Vocabulary in Twelfth Night
Vocabulary Examples in Twelfth Night:
Act I - Scene I 1
"surfeiting..." See in text (Act I - Scene I)
This archaic noun refers to excessive indulgence in things like food or drink in an effort to gratify one’s appetite or senses. By wanting to surfeit himself, Orsino wishes to be overwhelmed with pleasurable things so he can distract himself from thoughts of his love, Olivia. This touches on the theme of love that runs through the play and how desire and love can be so overwhelming that he feels as if he were drowning in it.
Act I - Scene II 5
"When my tongue blabs, then let mine eyes not see...." See in text (Act I - Scene II)

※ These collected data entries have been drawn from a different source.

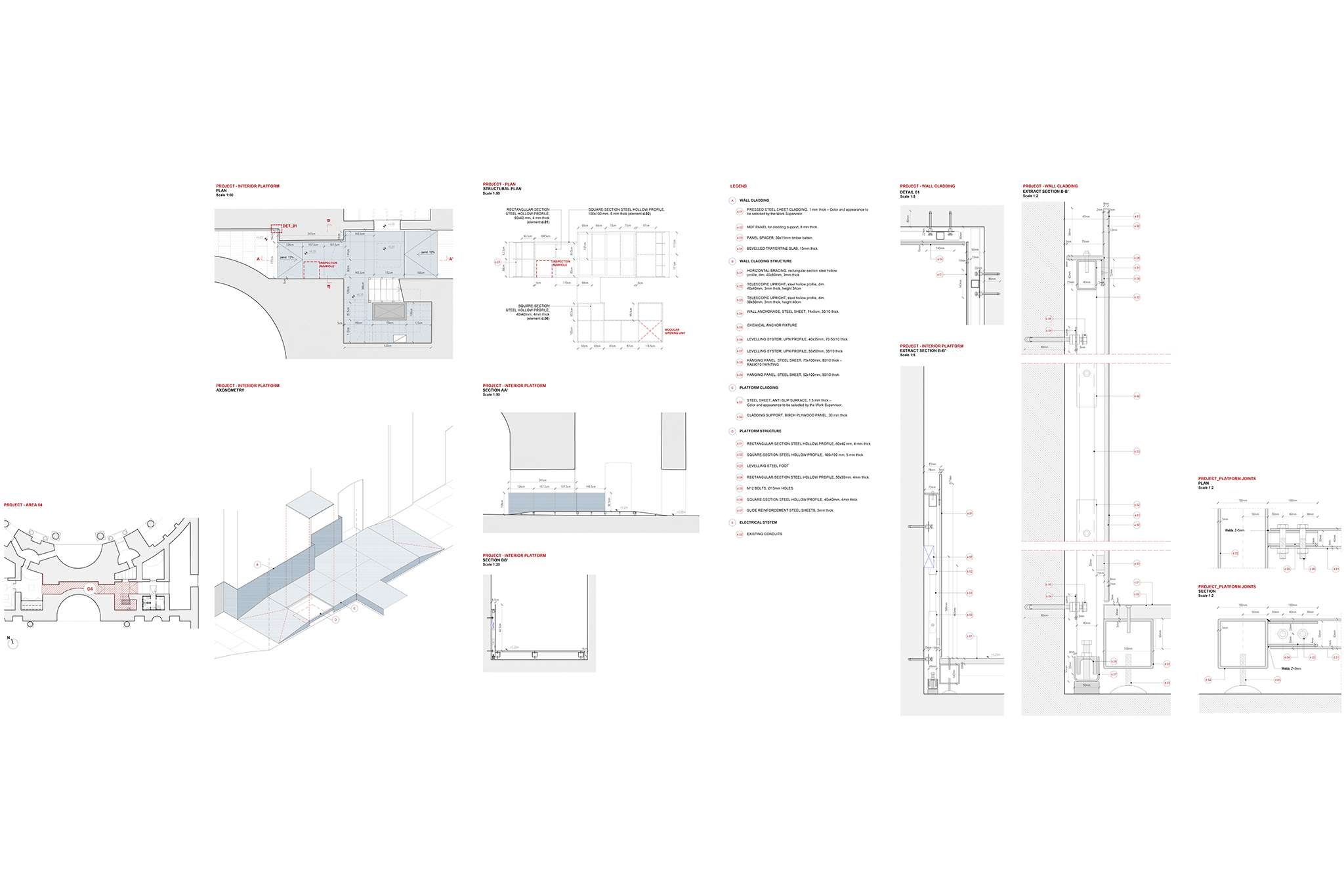 Como en una secuencia cinematográfica, los visitantes recorren distintos espacios cuyas funciones se destacan mediante elementos arquitectónicos específicos integrados en el tejido arqueológico. Estos dispositivos responden a requisitos técnicos y, a la vez, funcionan como instalaciones autónomas dentro del recorrido: microarquitecturas que interactúan con el espacio arqueológico, enfatizando sus huellas históricas. Una antigua plataforma de color bronce dialoga con la histórica puerta revestida de cobre; el icono bizantino de la Hodegetria con fondo dorado parece flotar sobre el coro restaurado de madera oscura; el paso hacia la Rotonda está mediado por el filtro semitransparente de una estructura de almacenamiento sobre la que se imprime la célebre forma urbis de Rodolfo Lanciani. Este último espacio se define por una barandilla metálica que dirige el camino y se fusiona con las láminas metálicas del ascensor; el ascensor se eleva como un elemento monolítico en la planta superior. Aquí, la unión entre el monolito y el suelo original se produce mediante una separación acristalada que permite a los visitantes percibir la distancia —literal y temporal— entre la nueva intervención y la preexistencia histórica.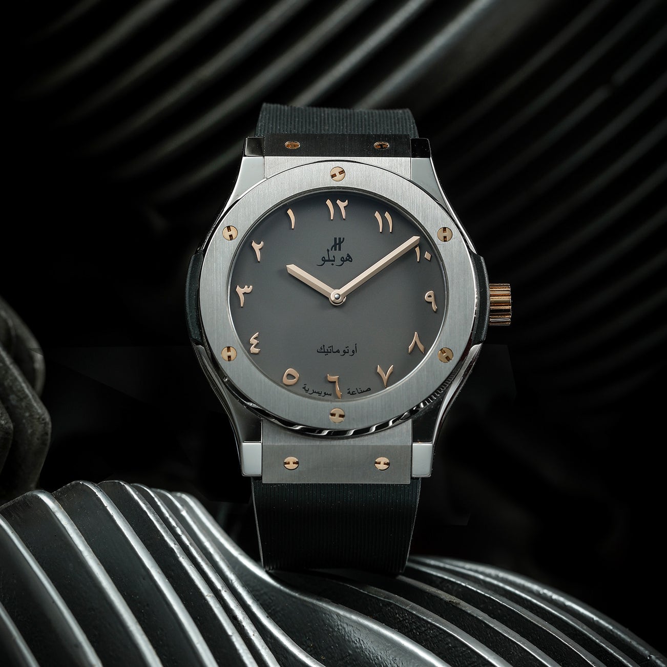 - The dial not only features elegant pink gold Eastern Arabic numerals, but also displays the brand name, "Automatic" and "Swiss Made" in Arabic.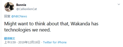 有美國網友調侃,“也許是考慮到,瓦坎達有我們需要的科技。”↓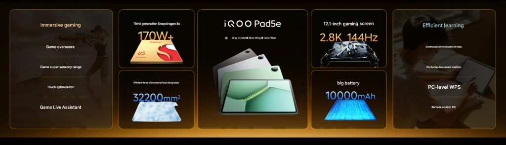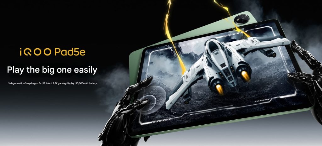 The iQOO Pad5e is a version of the vivo Pad5e tablet that packs a 12.1-inch 2.8K 144Hz LCD screen, is powered by Snapdragon 8s Gen 3 SoC, has 32200mm² high-efficiency three-dimensional heat dissipation, a 8MP rear camera, 5MP front camera, 4 speakers, and a huge, 10000mAh battery with support for 44W fast charging.

The Captain has agreed to introduce Viola as a eunuch to Orsino, and in this line he makes an oath to demonstrate his willingness to keep her secret. The verb “to blab” means to chatter or reveal something indiscreetly. In other words, the Captain is saying “if I tell anyone your secret, then may I be blinded for not keeping my promise to you.”
"abjured..." See in text (Act I - Scene II)
In this context, the verb “to abjure” means that Olivia has withdrawn, or left, the company of possible suitors because of her grief.
"Arion..." See in text (Act I - Scene II)
In mythology, Arion was an islander from Lesbos who won a musical composition in Sicily. On his return trip home, the sailors navigating his boat plotted to kill him in order to steal the prizes he had won at the competition. Arion could either commit suicide or be thrown overboard. In his final act, he sang to Apollo and summoned dolphins. He dove into the sea and was carried to Poseidon’s sanctuary by one of the dolphins.
"Elysium..." See in text (Act I - Scene II)
Elysium is a conception of the afterlife from antiquity. It was different from Hades, the underworld where all mortal souls retired, because it was reserved for mortals related to gods, heroes, and poets. It was a reward for the righteous few chosen by the gods to lead a happy, indulgent afterlife.
"eunuch..." See in text (Act I - Scene II)
An “eunuch” is a man who has been castrated. Historically, this has been done for a variety of reasons: to young boys to preserve a soprano voice or to employ men as guards for women’s living quarters. Eunuchs were symbolic of sexually innocuous or effeminate men.
Act I - Scene III 5
"prodigal..." See in text (Act I - Scene III)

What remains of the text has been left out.